Amid the ongoing legal battles over book bans and federal defunding of arts organizations, we’ve brought back our
Freedom to Read issue—though, as our editorial director Jonathan Segura notes, we wish we didn’t have to. Throughout the week, we’ll be exploring the many ways that newly empowered censorship campaigns are reshaping the book business, beginning with shining a much-deserved spotlight on
10 grassroots activists fighting for the right to read in their communities.
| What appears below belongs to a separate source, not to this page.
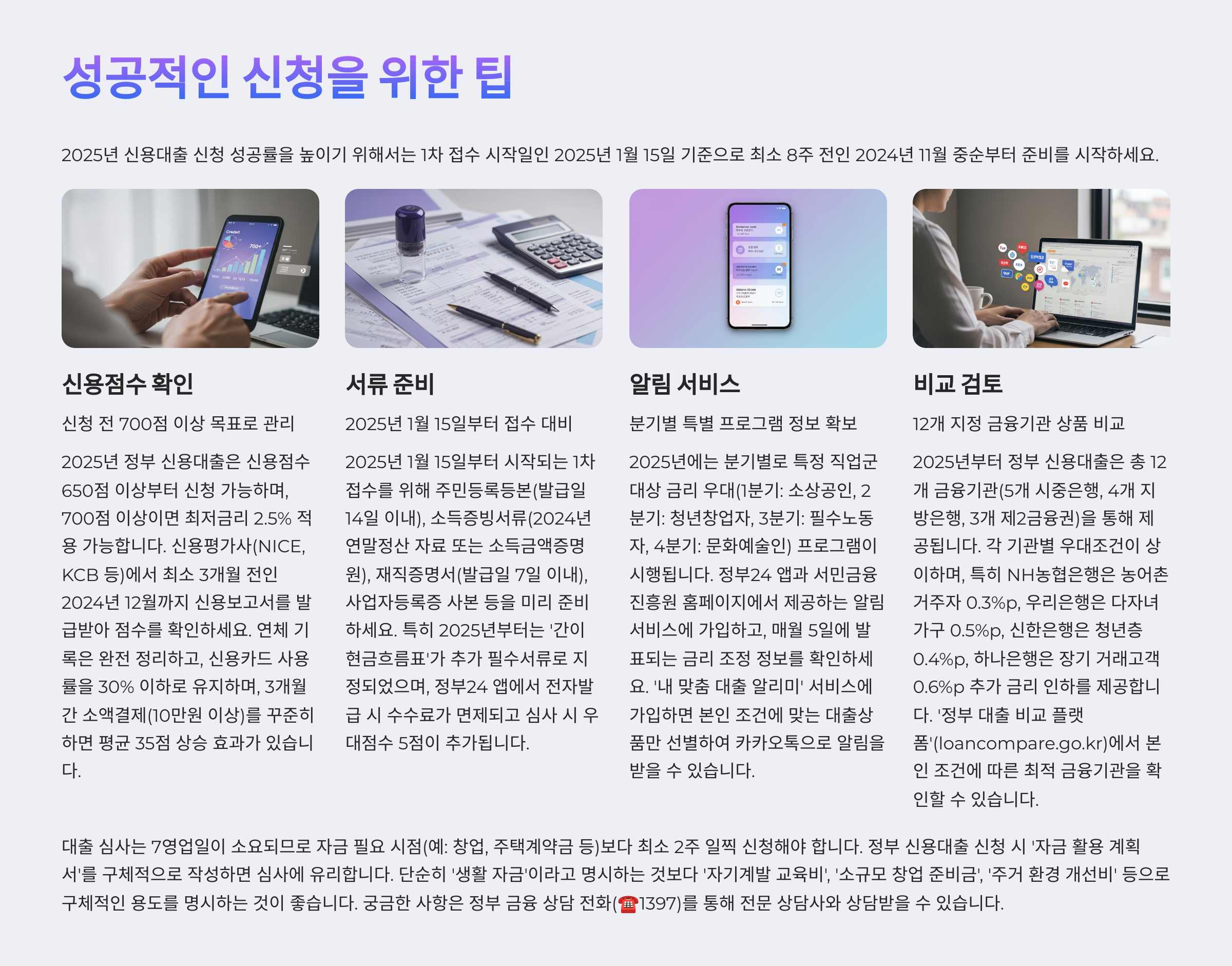 - 대출 전 본인의 신용점수 확인 후 전략 수립

Despite recent tumult at the nation’s oldest cultural institution, the Library of Congress has
appointed Arthur Sze as the 25th U.S. Poet Laureate. Just before the latest deadline that could have banned TikTok in the U.S., the White House
announced that it had made a preliminary agreement with China, which currently owns the social media app, to sell the company, NBC reports. DC Comics has
canceled its new Red Hood series over author Gretchen Felker-Martin’s social media comments about Charlie Kirk’s death, reports CNN. The
New York Times looks at the
legal battle between Michael Crichton’s estate and the creators of The Pitt over whether the series is an
ER spinoff, and profiles
children’s book author Robert Munsch as he navigates the challenges of dementia. In a blog post for the Science Fiction & Fantasy Writers Association, Victoria Strauss of Writer Beware
lays out the tenets of copyright for authors looking to protect their intellectual property. And paper engineer
Gene Vosough and
Fit for Life coauthor
Marilyn Diamond have died at 59 and 81, respectively.